[WHAT IS NEEDED]
What you return should be only the lines in the entries below between the one holding "A bold, eclectic" and the one holding "- À l'invite", ends included, with every picture left out.

[MATERIAL SUPPLIED]
++++++++++++++++++++
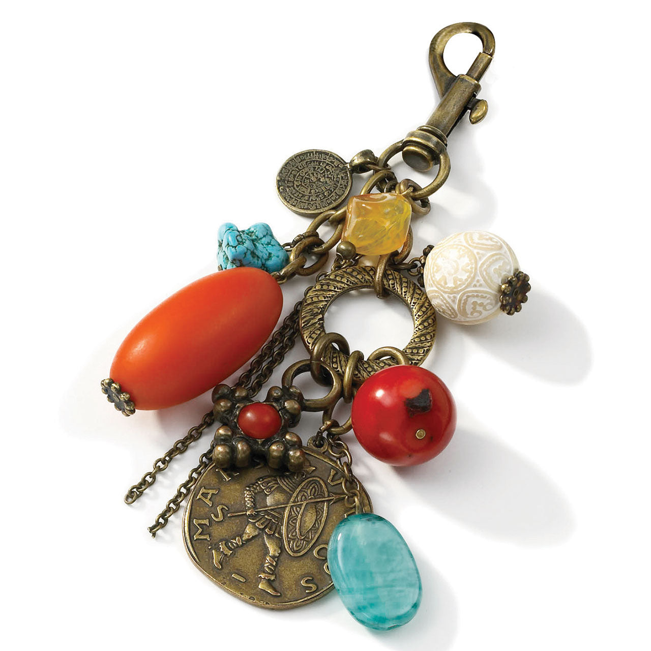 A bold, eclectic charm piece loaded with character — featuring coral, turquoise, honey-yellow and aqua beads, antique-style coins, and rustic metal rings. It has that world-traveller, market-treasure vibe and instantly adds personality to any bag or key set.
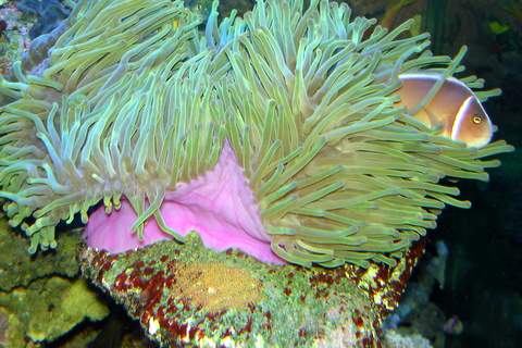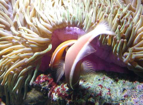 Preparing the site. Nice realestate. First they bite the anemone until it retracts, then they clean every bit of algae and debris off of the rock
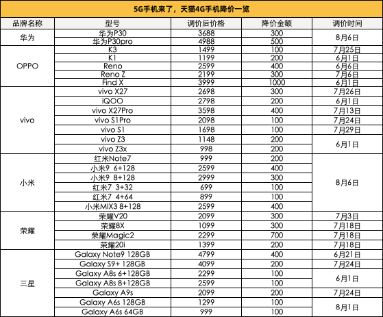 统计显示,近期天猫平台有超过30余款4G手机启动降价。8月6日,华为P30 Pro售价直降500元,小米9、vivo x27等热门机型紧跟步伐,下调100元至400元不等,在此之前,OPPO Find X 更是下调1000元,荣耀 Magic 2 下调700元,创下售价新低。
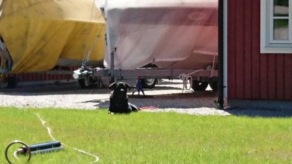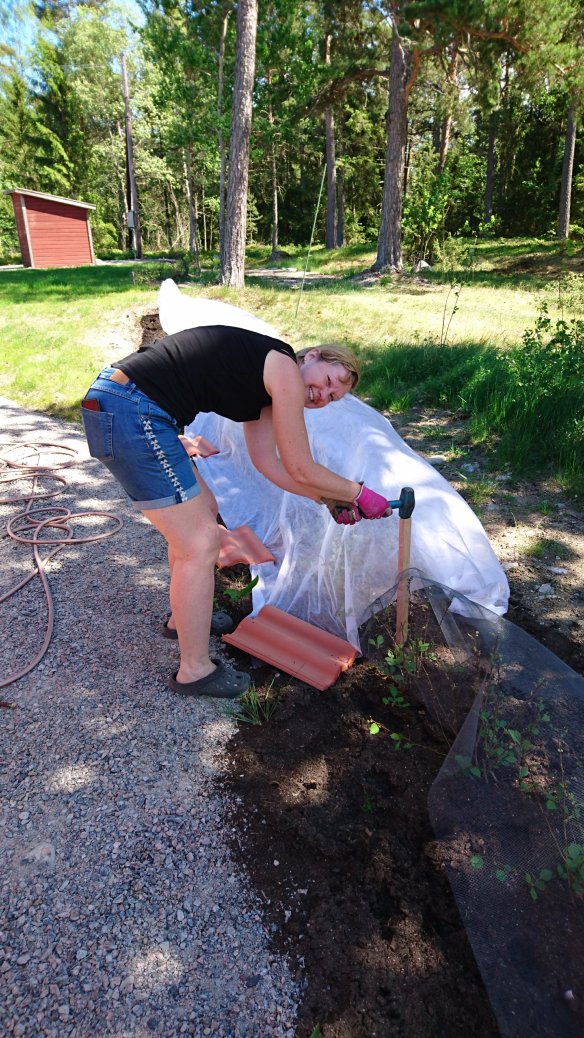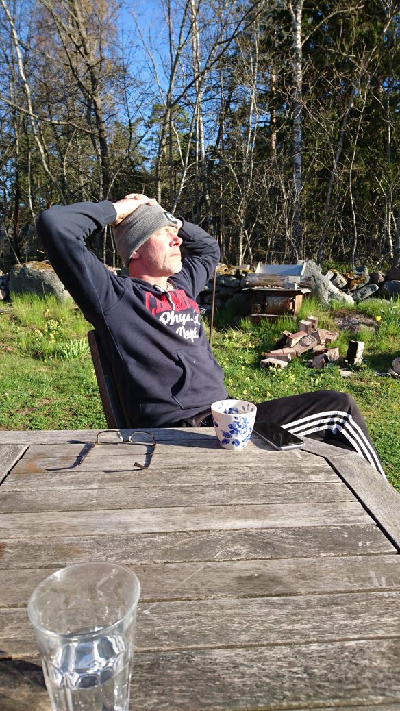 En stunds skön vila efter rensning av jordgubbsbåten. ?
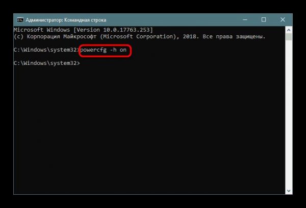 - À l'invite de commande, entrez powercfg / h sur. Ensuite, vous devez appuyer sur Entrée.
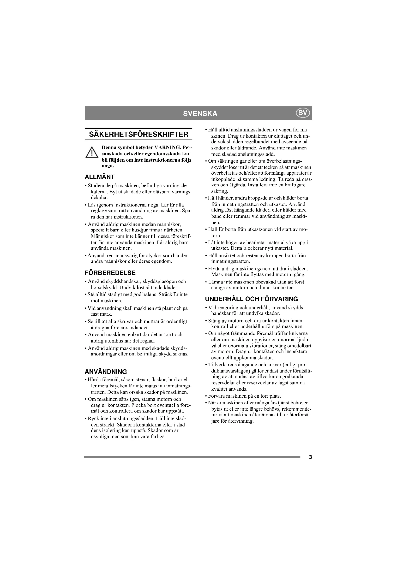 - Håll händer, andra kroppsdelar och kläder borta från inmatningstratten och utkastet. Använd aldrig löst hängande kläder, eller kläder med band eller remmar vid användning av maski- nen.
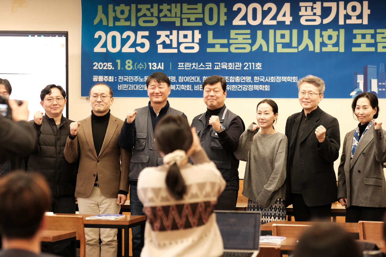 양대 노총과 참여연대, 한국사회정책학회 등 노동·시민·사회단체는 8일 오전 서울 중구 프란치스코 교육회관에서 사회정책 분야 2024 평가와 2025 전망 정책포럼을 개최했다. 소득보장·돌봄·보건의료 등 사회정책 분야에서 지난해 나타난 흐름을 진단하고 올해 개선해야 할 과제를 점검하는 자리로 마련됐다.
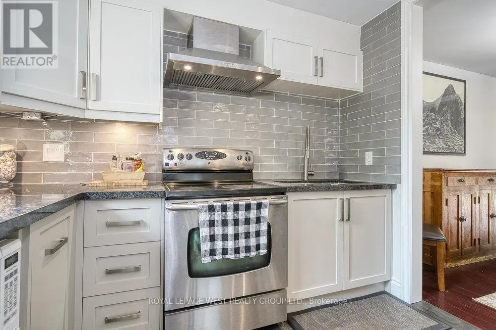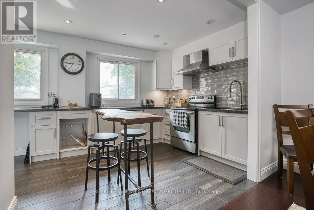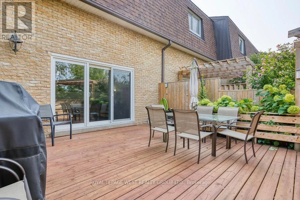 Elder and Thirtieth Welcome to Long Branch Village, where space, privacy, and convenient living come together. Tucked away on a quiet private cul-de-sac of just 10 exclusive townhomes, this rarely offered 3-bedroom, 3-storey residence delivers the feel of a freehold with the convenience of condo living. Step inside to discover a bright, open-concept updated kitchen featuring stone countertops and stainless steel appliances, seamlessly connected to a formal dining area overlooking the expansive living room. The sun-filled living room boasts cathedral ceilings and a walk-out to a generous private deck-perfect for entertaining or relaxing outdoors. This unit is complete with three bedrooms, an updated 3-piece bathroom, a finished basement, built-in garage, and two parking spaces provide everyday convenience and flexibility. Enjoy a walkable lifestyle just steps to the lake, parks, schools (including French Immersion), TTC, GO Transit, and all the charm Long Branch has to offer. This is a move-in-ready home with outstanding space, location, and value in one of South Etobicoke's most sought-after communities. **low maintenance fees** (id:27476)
++++++++++++++++++++
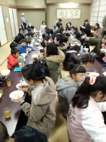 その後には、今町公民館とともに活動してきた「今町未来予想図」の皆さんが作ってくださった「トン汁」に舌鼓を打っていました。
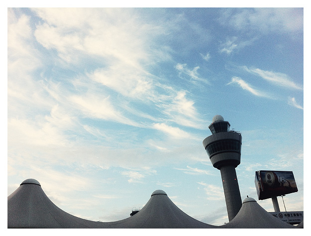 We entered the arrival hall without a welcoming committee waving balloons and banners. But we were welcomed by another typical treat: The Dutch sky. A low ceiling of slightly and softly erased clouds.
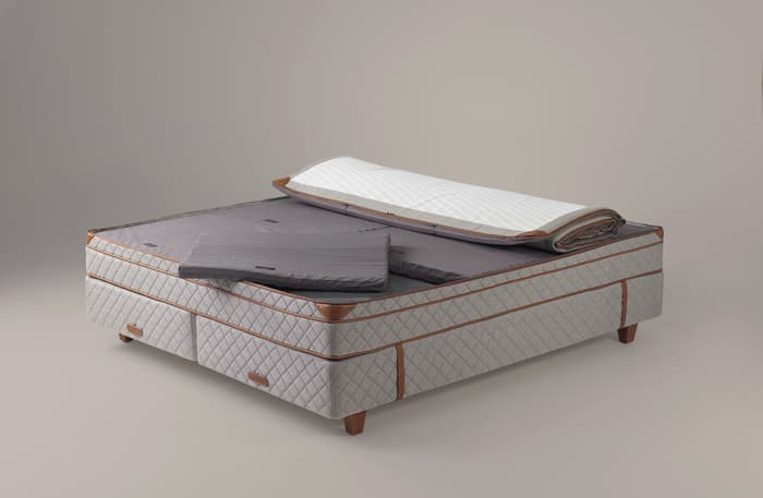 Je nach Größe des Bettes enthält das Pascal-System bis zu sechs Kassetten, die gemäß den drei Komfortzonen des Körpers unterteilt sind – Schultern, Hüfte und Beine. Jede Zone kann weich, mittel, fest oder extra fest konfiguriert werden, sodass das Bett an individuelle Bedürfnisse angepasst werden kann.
++++++++++++++++++++
[WRITTEN ANSWER]
 A bold, eclectic charm piece loaded with character — featuring coral, turquoise, honey-yellow and aqua beads, antique-style coins, and rustic metal rings. It has that world-traveller, market-treasure vibe and instantly adds personality to any bag or key set.
 Preparing the site. Nice realestate. First they bite the anemone until it retracts, then they clean every bit of algae and debris off of the rock
 统计显示,近期天猫平台有超过30余款4G手机启动降价。8月6日,华为P30 Pro售价直降500元,小米9、vivo x27等热门机型紧跟步伐,下调100元至400元不等,在此之前,OPPO Find X 更是下调1000元,荣耀 Magic 2 下调700元,创下售价新低。
 En stunds skön vila efter rensning av jordgubbsbåten. ?
 - À l'invite de commande, entrez powercfg / h sur. Ensuite, vous devez appuyer sur Entrée.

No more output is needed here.